Linguistic development of Genie


When the circumstances of Genie, the primary victim in one of the most severe cases of abuse, neglect and social isolation on record in medical literature, first became known in early November 1970, authorities arranged for her admission to Children's Hospital Los Angeles, where doctors determined that at the age of 13 years and 7 months, she had not acquired a first language. Hospital staff then began teaching Genie to speak General American English, which she gradually began to learn and use. Their efforts soon caught the attention of linguists, who saw her as an important way to gain further insight into acquisition of language skills and linguistic development. Starting in late May 1971, UCLA professor Victoria Fromkin headed a team of linguists who began a detailed case study on Genie. One of Fromkin's graduate students, Susan Curtiss, became especially involved in testing and recording Genie's linguistic development. Linguists' observations of Genie began that month, and in October of that year they began actively testing what principles of language she had acquired and was acquiring. Their studies enabled them to publish several academic works examining theories and hypotheses regarding the proposed critical period during which humans learn to understand and use language.
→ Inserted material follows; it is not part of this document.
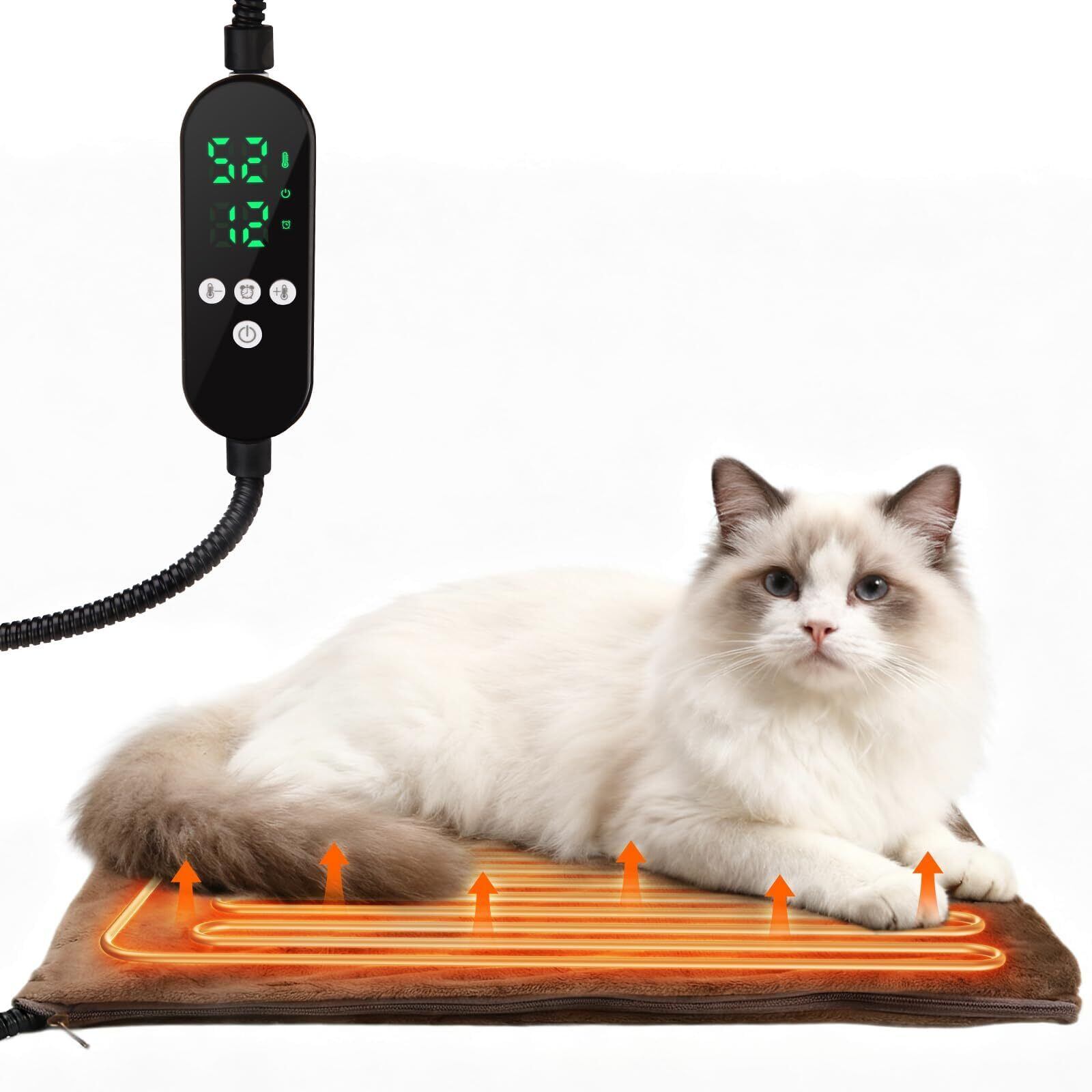 Zaahir ペット用ホットカーペット 【2025年新開発モデル・PSE認証済み】 30~60℃温度調節 13段階タイマー 1~12H 新搭載24時間タイマー設定 寒さ対策 防水 過熱保護 NTC恒温センサー 省エネ 噛み癖対策 金属スパイラル管 暖房 小型犬 大型犬 猫 小動物 ホットヒーター カバーなしで使用可 Sサイズ (45*45cm) ブラウン

On broader levels Genie followed some normal patterns of young children acquiring a first language, but researchers noted many marked differences with her linguistic development. The size of her vocabulary and the speed with which she expanded it consistently outstripped anticipations, and many of the earliest words she learned and used were very different from typical first-language learners and strongly indicated that she possessed highly developed cognitive abilities. By contrast, she had far more difficulty acquiring and using grammar. She clearly mastered some basic aspects of grammar, and understood significantly more than she used in her speech, but her rate of grammar acquisition was much slower than normal. As a result, her vocabulary was consistently much more advanced and sophisticated than most people in equivalent phases of learning grammar. Researchers attributed some of her abnormal expressive language to physical difficulties she faced with speech production, resulting from her being punished for making sounds as a child, and worked very hard to improve her ability to speak. Within months of being discovered Genie developed exceptional nonverbal communication skills and became capable of using several methods of nonverbal communication to compensate for her lack of language, so researchers decided to also teach her a form of sign language.
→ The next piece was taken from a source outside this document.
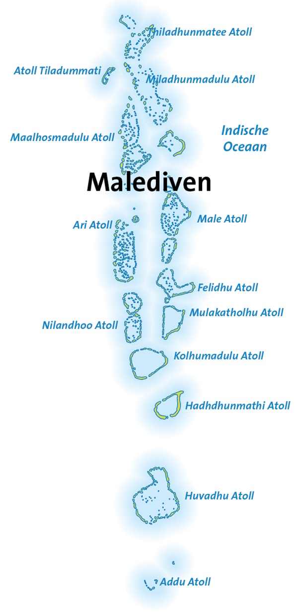 De tropische Malediven heten officieel de Republiek de Malediven en bestaan uit circa 1190 koraaleilanden waarvan het grootste eiland niet groter is dan 5 vierkante kilometer. Al deze minuscule eilandjes zijn omgeven door prachtig blauw water met witte zandstranden en wuivende palmbomen. De onderwaterwereld is zeer divers en kleurrijk en een paradijs voor snorkelaars en duikers.

By the time the scientists finished working with Genie, she had not fully mastered English grammar and her rate of acquisition had significantly slowed down. Linguists ultimately concluded that because Genie had not learned a first language before the critical period had ended, she was unable to fully acquire a language. Furthermore, despite the clear improvements in her conversational competence it remained very low, and the quality of her speech production remained highly atypical. While she had expanded her use of language to serve a wider range of functions, she had an unusually difficult time using it during social interactions. Tests on Genie's brain found she was acquiring language in the right hemisphere of her brain despite being right-handed, giving rise to many new hypotheses and refining existing hypotheses on cerebral lateralization and its effect on linguistic development.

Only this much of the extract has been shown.